• **REQUIRED WORK**
Where the listing shows an image, skip it and output all other material unchanged.

• **GIVEN MATERIAL**

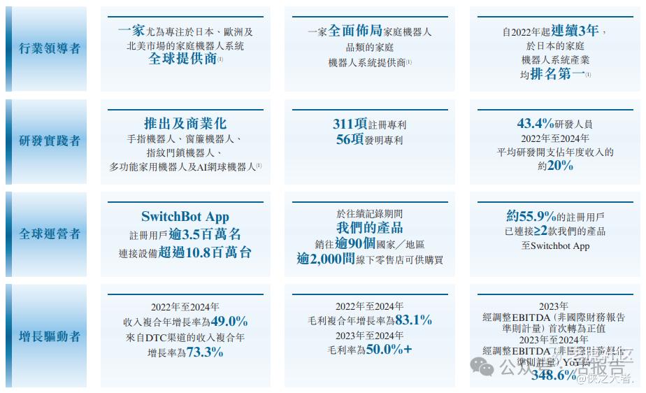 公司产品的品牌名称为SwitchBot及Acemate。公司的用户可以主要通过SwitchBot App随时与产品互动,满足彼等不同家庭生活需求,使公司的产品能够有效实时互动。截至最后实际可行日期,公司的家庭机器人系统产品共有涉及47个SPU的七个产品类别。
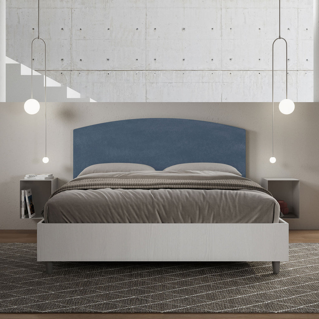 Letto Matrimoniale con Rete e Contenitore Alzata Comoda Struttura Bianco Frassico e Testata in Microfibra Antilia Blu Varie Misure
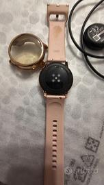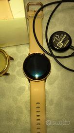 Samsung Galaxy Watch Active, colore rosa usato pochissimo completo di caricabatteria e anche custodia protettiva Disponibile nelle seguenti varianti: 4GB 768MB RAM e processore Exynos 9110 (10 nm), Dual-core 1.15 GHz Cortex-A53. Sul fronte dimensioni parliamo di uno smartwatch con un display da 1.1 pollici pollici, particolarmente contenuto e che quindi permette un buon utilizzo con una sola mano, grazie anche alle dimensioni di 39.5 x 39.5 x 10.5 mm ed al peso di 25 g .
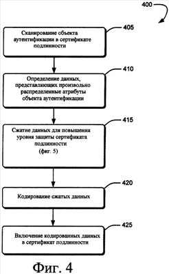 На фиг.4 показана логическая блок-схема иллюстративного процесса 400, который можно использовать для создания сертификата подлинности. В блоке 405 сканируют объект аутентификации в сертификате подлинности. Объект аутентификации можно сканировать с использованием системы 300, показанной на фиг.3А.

• **RESULT OF THIS EXERCISE**
 公司产品的品牌名称为SwitchBot及Acemate。公司的用户可以主要通过SwitchBot App随时与产品互动,满足彼等不同家庭生活需求,使公司的产品能够有效实时互动。截至最后实际可行日期,公司的家庭机器人系统产品共有涉及47个SPU的七个产品类别。
 Letto Matrimoniale con Rete e Contenitore Alzata Comoda Struttura Bianco Frassico e Testata in Microfibra Antilia Blu Varie Misure
 Samsung Galaxy Watch Active, colore rosa usato pochissimo completo di caricabatteria e anche custodia protettiva Disponibile nelle seguenti varianti: 4GB 768MB RAM e processore Exynos 9110 (10 nm), Dual-core 1.15 GHz Cortex-A53. Sul fronte dimensioni parliamo di uno smartwatch con un display da 1.1 pollici pollici, particolarmente contenuto e che quindi permette un buon utilizzo con una sola mano, grazie anche alle dimensioni di 39.5 x 39.5 x 10.5 mm ed al peso di 25 g .
 На фиг.4 показана логическая блок-схема иллюстративного процесса 400, который можно использовать для создания сертификата подлинности. В блоке 405 сканируют объект аутентификации в сертификате подлинности. Объект аутентификации можно сканировать с использованием системы 300, показанной на фиг.3А.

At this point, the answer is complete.